The patient's clinical symptoms are suggestive of hydrocephalus and the CT scan confirms this diagnosis. Retraction injury of the cerebellum during surgery can cause delayed swelling, which is very similar to the process of an ischemic stroke. The swelling may take a few days before it causes significant compression of the fourth ventricle, thereby causing an obstructive hydrocephalus. Posterior fossa surgery very often involves cerebellar retraction and, in certain approaches, involves sacrifice of some cerebellar veins.²⁶ The resulting edema can be significant enough to cause obstruction at the level of the fourth ventricle, leading to hydrocephalus as was seen in this case. Untreated hydrocephalus will progress to herniation and death, and so identification of this situation constitutes a clinical emergency.

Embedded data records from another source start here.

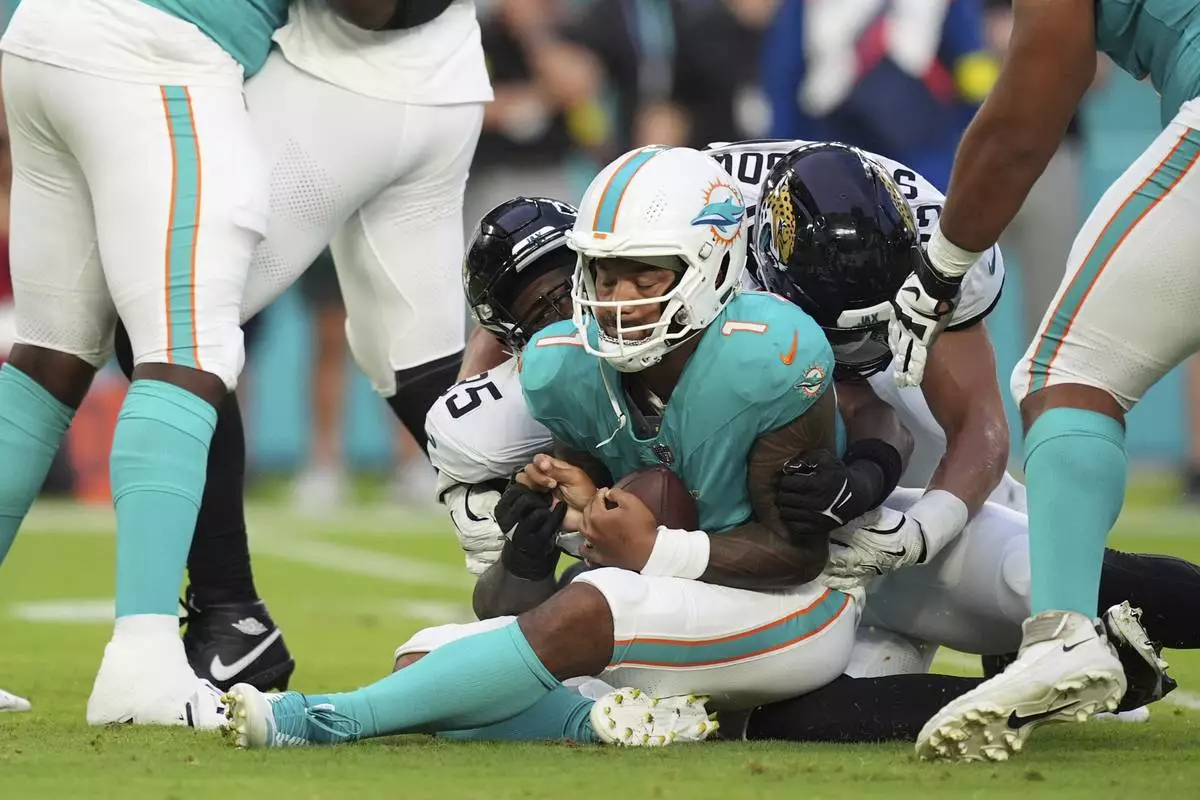 Miami Dolphins quarterback Tua Tagovailoa (1) falls on the field after he was sacked by Jacksonville Jaguars defensive end BJ Green II (95) during the first half of an NFL preseason football game, Saturday, Aug. 23, 2025, in Miami Gardens, Fla. (AP Photo/Rebecca Blackwell)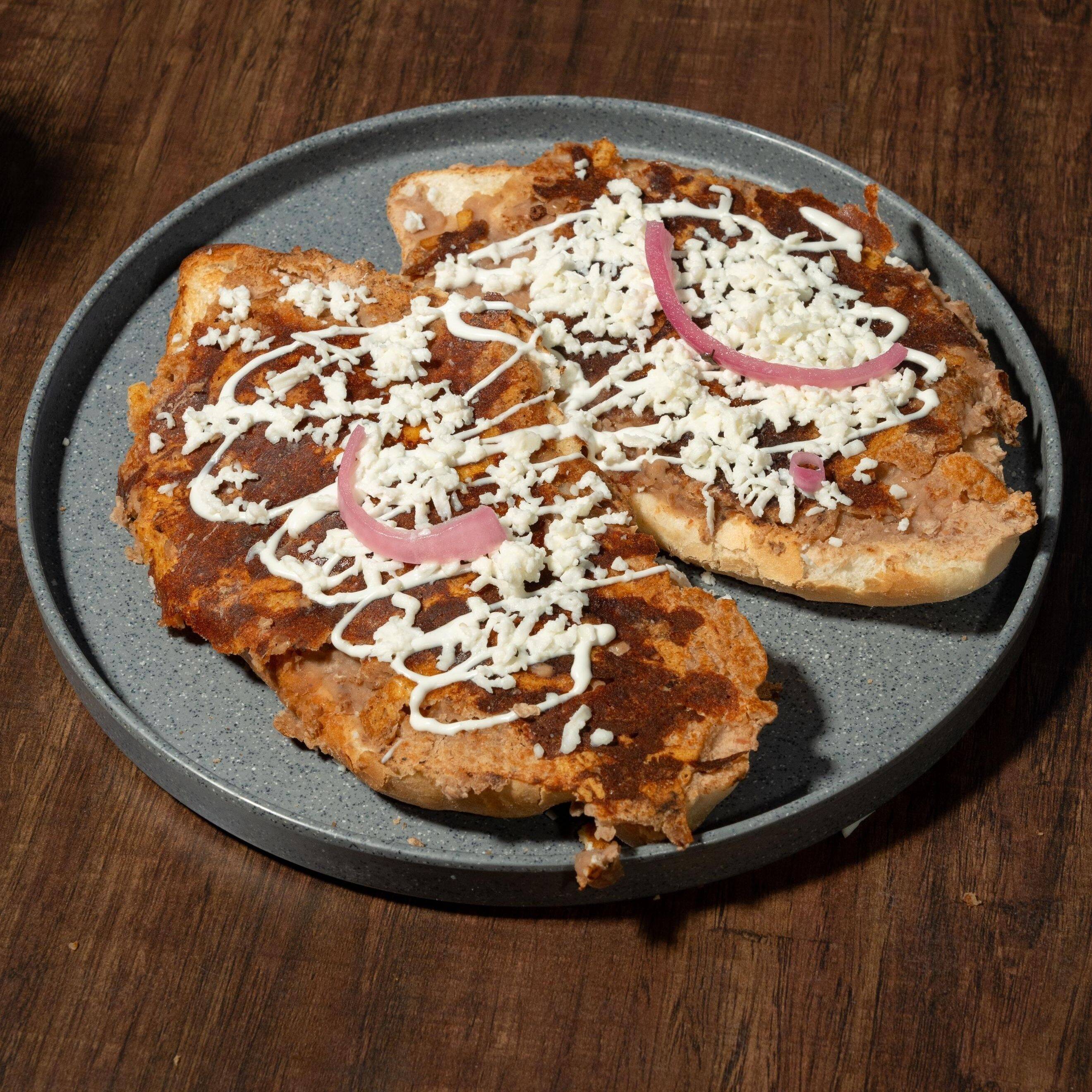 Preparados con pan lagunero, frijoles refritos y queso chihuahua planchado.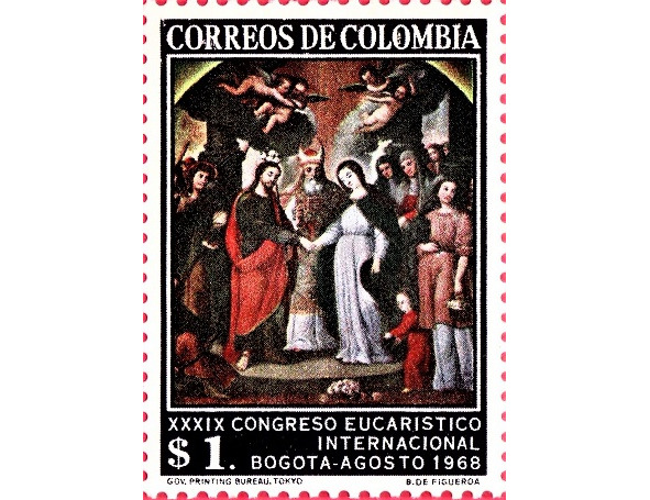 Пошта Калюмбіі ў 1968 г. разьмясьціла на марцы рэпрадукцыю карціны Балтазара дэ Фігуэроа «Заручыны Сьвятога Язэпа з Сьвятой Марыяй». Сьвяты Язэп трымае ў руцэ расцьвіўшую лілеяй галінку. Над усімі прысутнымі радасна лятаюць анёлкі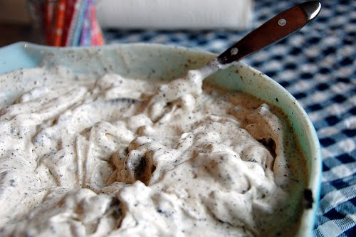 In a large bowl, beat egg yolks; stir in milk, water and vanilla. Fold in cookies and whipped cream. Pour into aluminum foil lined 9x5 inch loaf pan or other 2 quart container. Cover and freeze at least 6 hours.

This patient should be immediately transferred to the NICU for placement of an EVD. Beyond the lifesaving intervention of the EVD, it is also recommended to increase the patient's Decadron dosage to help combat postoperative edema; hypertonic saline is also an additional option (as is mannitol), with a goal sodium level greater than 140 (or serum osmolality greater than 320 in the case of mannitol). In this case, the patient's Decadron was increased from 6 mg orally every 6 hours to 10 mg orally every 6 hours, and 2% hypertonic saline was begun at an infusion of 75 mL per hour. Following EVD placement, the patient's level of arousal improved significantly. The EVD was maintained at 20 cm H₂O above the EAM for 2 to 3 days while the patient was weaned back to a Decadron dose of 6 mg every 6 hours and transitioned from 2% hypertonic saline to normal saline. The specific weaning parameters were the same as those utilized in an earlier case presented above. When a follow-up noncontrast head CT demonstrated adequate resolution of the cerebellar swelling and a patent fourth ventricle (Figure 8-17), the EVD was removed and the patient was considered ready for transfer to the floor. Since the EVD was kept at a high level above the EAM, weaning was not considered necessary in this case.

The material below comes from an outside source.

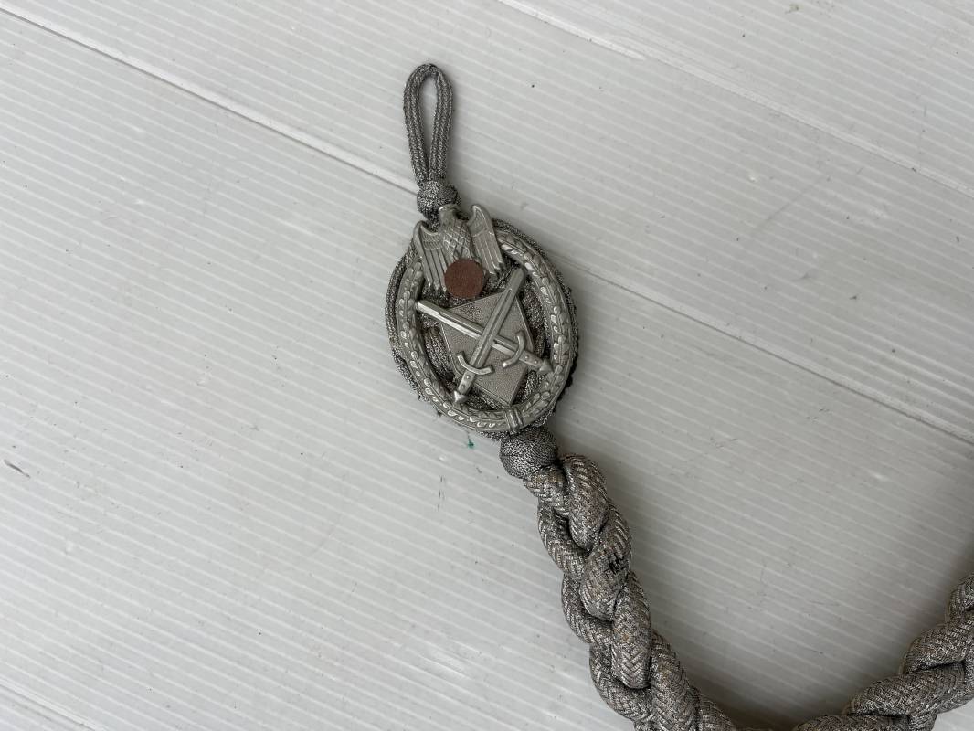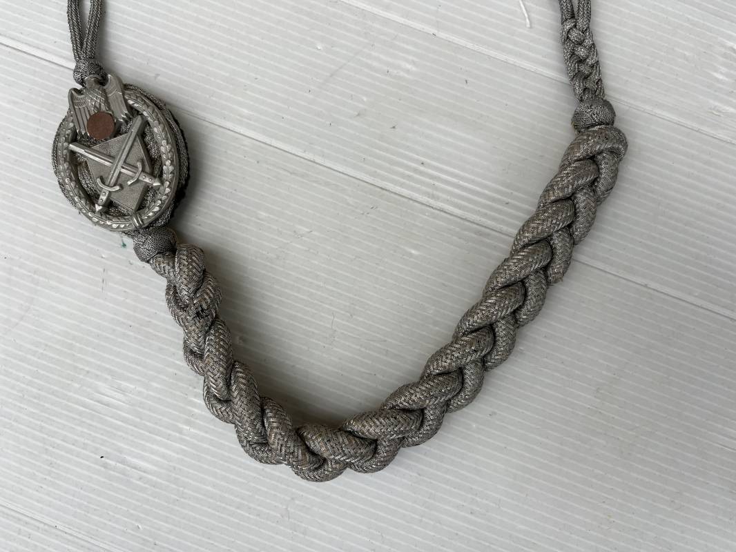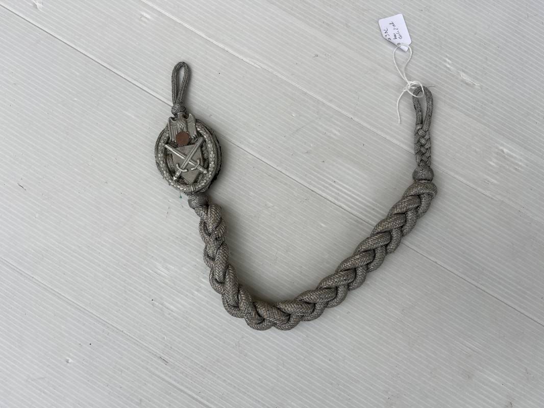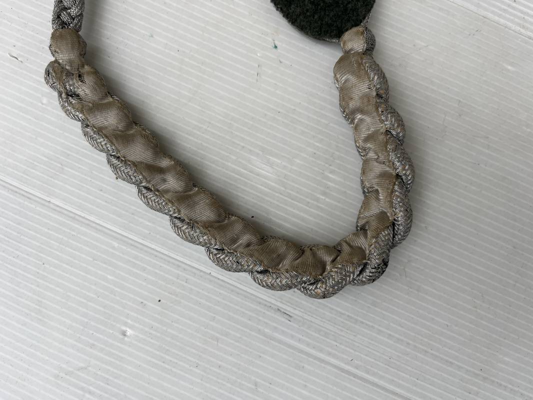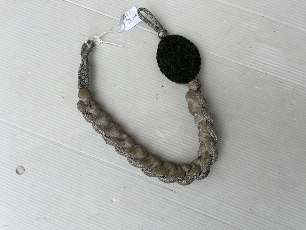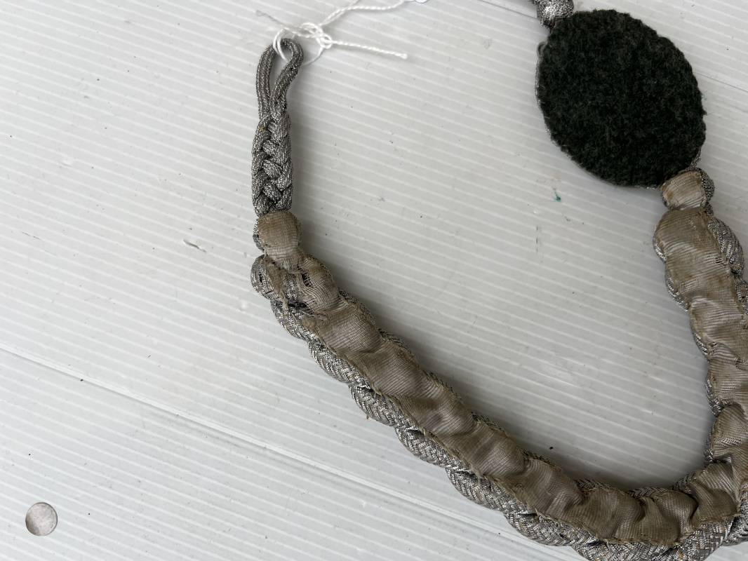 Beau cordon de tireur de la Heer du 2ème modèle. Écu en alu avec couronne feuilles de chêne, aigle et glaives. Cordon tressé en fil d'aluminium. Boutonnières. Légèrement porté en parfait état 1939/45. Ref 21204

It is critical that the neurointensivist maintain awareness of postoperative tumor patients who have undergone approaches to the posterior fossa and the possibility of retraction injury giving rise to obstructive hydrocephalus. Although this complication may take days to unfold, more severe types of this injury and instances where a major stroke is induced may lead to earlier onset of hydrocephalus and its associated symptoms. Again, the threshold for a noncontrast head CT should be low, and the use of corticosteroids and hypertonic agents represent the key elements in the neurointensivist's armamentarium.